34.5 Chiasmal and Hypothalamic Glioma

34.5.1 Description and Clinical Issues

As previously mentioned, the incidence of optic pathway tumors in NF1 patients is 15%, but what proportion of those tumors are optic chiasm tumors is unknown. Tumors of the optic chiasm present with imaging features similar to those of intraorbital optic nerve glioma, and intraorbital tumors often extend through the optic canal to the chiasm and, sometimes, the optic tract. Symptoms associated with active chiasmal glioma are quite different from those of pure intraorbital tumors because of the bilaterality of visual loss. Symptomatic optic chiasmal gliomas are most often true juvenile pilocytic gliomas.

Visual symptoms of optic chiasm glioma include unilateral or, more often, bilateral optic nerve defects and bitemporal and homonymous visual field defects. Optic atrophy is often present, which is sometimes associated with a “bow–tie” pattern. Afferent pupillary defects are often present in the eye with the most visual field loss. Formal visual field testing is the preferred approach to clinical testing, but again, the early age of presentation makes this problematic.

34.5.2 Evaluation and Management

MRI demonstrates enlargement of the chiasm that is either symmetric or asymmetric [16]. The optic chiasm may enlarge sufficiently to merge with the hypothalamic structures just caudal to the chiasm, so high-resolution MRI with thin cuts through the chiasm, pituitary, and hypothalamus is usually the preferred modality. Progressive or active tumors frequently show enhancement on T1 postcontrast images.

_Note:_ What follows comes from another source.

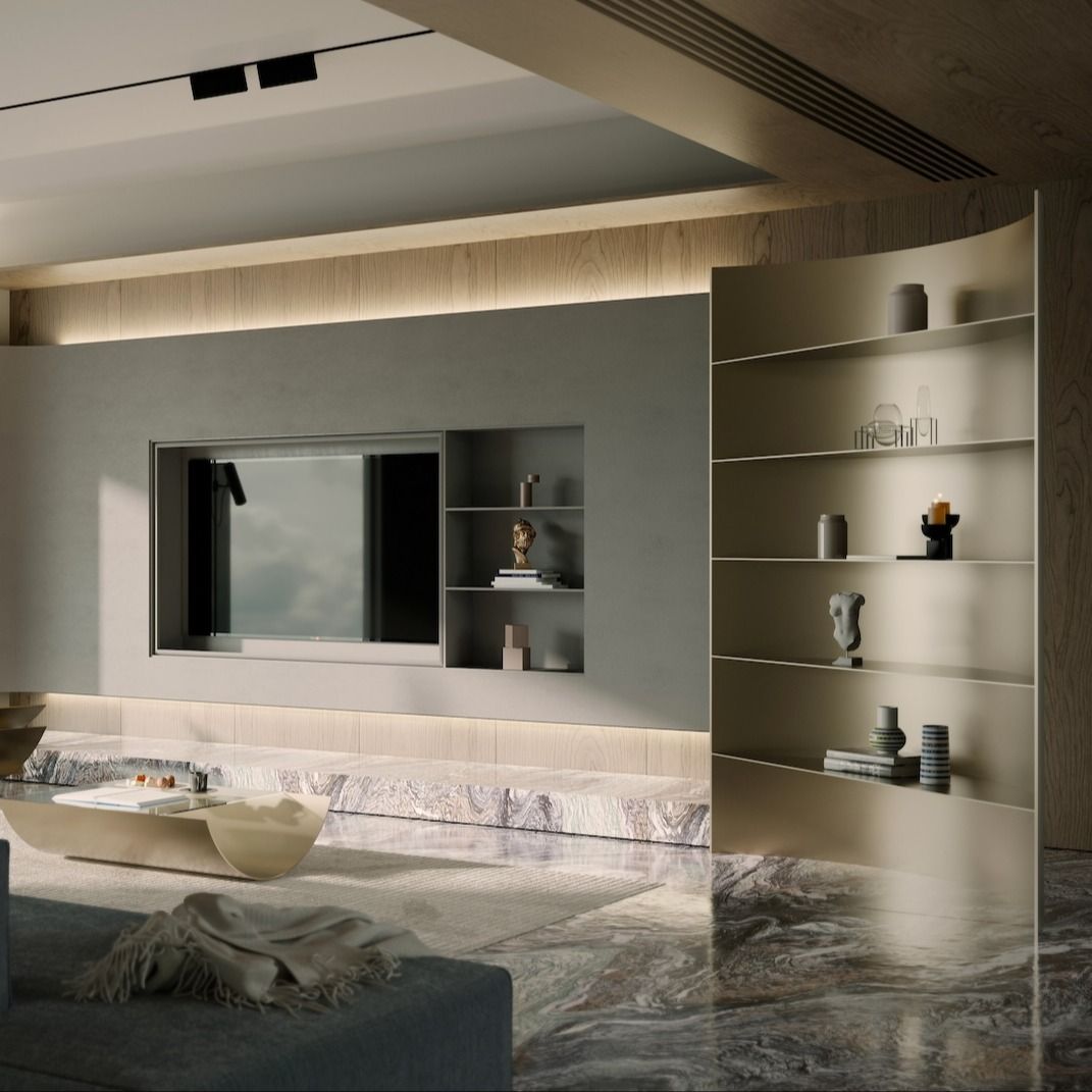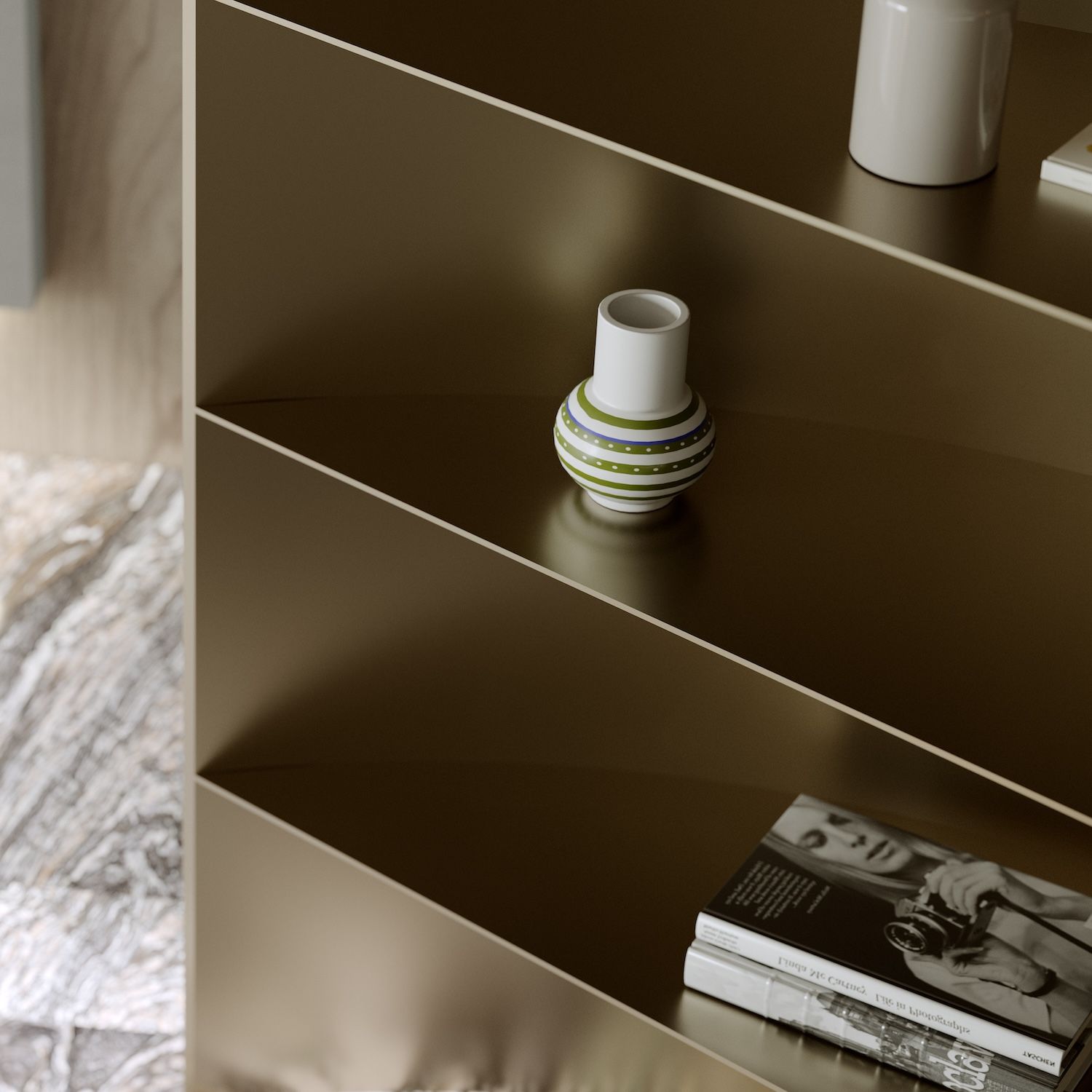 Una grande lamiera curva dà forma alla struttura, avvolgendo cinque ripiani ampi e proporzionati, ideali per esporre oggetti d’arredo. La libreria Luna unisce forza scenica e delicatezza formale: accoglie, espone, mette in mostra. Le linee dinamiche e morbide della sua geometria danno forma a un arredo capiente e utile. È perfetta in dialogo con gli altri elementi della collezione Luna, tuttavia, si impone con carattere anche da sola, come elemento protagonista.

T2 flair images frequently show increased signal intensity of the chiasm and adjacent hypothalamic structures as well as the more distal regions of the optic pathway extending into the brain parenchyma to the region of the posterior thalamus. Positive response to treatment is judged by reduction of size of the chiasmal mass, stability of the chiasmal mass, or reduction of T1 postcontrast enhancement. T2 flair images may remain unchanged after treatment, and therefore flair changes are a less reliable sign of treatment response. Not infrequently, chiasmal gliomas grow into one or both of the optic tracts.